Description:
I’m a new adjunct professor teaching literature seminars that rely heavily on group discussion. When I taught in person last semester, discussions were lively and engaging. Now that we’ve moved to remote learning, my Zoom discussions are awkward with long silences and the same 2-3 students participating. I’ve tried breakout rooms but students say they’re uncomfortable. How can I recreate the dynamic feeling of in-person discussions in a virtual classroom? Looking for specific techniques beyond the basic ‘call on students’ approach.
6 Answers
As a student who hates speaking in Zoom classes, I appreciate when professors use polls or quick reaction activities to warm us up. Start with low-stakes engagement (reactions to quotes, polls about characters, etc), then build to more complex discussion. Also, having a clear visual agenda and timeboxing discussions helps - knowing a painful participation moment will end in 10 minutes makes it less anxiety-producing!
My literature students love the 'critical roles' approach. Before each discussion, assign different analytical perspectives (historical context analyst, character motivations expert, literary devices finder, modern relevance connector, etc). Everyone must speak from their assigned perspective first, then discussion opens more naturally after all perspectives are shared. It gives students a clear starting point and purpose.

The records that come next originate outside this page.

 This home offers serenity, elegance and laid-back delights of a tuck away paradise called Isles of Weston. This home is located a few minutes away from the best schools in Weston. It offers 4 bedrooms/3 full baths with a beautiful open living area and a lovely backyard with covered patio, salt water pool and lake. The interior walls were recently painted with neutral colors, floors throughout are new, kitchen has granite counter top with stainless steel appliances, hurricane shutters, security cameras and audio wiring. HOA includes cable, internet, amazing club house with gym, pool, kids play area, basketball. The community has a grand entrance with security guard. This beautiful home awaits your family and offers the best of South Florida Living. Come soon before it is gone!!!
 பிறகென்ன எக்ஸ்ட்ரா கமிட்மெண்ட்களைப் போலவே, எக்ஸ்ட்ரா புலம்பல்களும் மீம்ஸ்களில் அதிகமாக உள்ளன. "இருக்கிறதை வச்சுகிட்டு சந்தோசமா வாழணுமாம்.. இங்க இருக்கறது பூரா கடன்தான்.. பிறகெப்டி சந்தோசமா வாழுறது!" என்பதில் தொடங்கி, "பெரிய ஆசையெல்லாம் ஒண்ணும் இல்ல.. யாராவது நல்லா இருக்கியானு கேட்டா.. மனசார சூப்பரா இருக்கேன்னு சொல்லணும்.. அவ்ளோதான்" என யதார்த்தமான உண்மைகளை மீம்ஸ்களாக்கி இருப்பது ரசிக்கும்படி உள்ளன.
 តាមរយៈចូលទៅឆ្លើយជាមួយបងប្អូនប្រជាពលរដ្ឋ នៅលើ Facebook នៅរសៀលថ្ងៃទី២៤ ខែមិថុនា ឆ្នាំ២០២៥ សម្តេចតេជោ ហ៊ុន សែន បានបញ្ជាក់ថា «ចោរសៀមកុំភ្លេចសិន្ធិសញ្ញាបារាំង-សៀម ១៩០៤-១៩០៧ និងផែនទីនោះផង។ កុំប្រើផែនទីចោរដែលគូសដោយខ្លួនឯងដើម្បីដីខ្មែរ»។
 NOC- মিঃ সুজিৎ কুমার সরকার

Former Zoom-resistant professor here! The game changer for me was implementing a 'digital fishbowl' technique. Select 4-5 students to actively discuss while others observe and take notes. After 10-15 mins, rotate who's 'in the fishbowl'. The observers must submit one question or challenge to the points raised. It creates structure, accountability, and lets introverts prepare thoughtfully. My participation went from 20% to nearly 100%!
Try collaborative documents! I create a shared Google Doc for each discussion with questions, key quotes, and space for responses. Students can type thoughts in real time, respond to each other's points with comments, and you can highlight interesting ideas to discuss verbally. This helps students who process better in writing than speaking, and gives everyone something to focus on besides awkward video tiles. Plus you end up with excellent notes!
Try building rituals that make participation predictable and low stakes. Start each session with a 2-minute chat prompt that everyone answers before talk begins. Rotate simple roles like discussion leader, summarizer, and devil's advocate so responsibility is shared. Use think-pair-share with 3-minute breakout rooms and a one-sentence deliverable back in chat. Run quick polls and use Zoom annotate on short passages to spark reactions. Run a fishbowl sometimes: small active circle with others observing and posting questions in chat. Ask for one-line preclass posts to prime thought and to hold students accountable. Allow a “pass” option and normalize silence.
I had that same awkward silence my first term online. What helped was shifting the prep out of Zoom so students came with a short, required post or a one paragraph note on the reading. Give everyone a role ahead of time like connector, skeptic, or example-hunter and rotate roles weekly. Start class with two minutes of private writing in the chat or a shared doc so people have language ready. Use tiny, timed breakouts with a clear deliverable, one sentence or one question to bring back. Polls, annotation tools, and calling on roles rather than people made participation feel safer. Gentle grading for participation nudged everyone.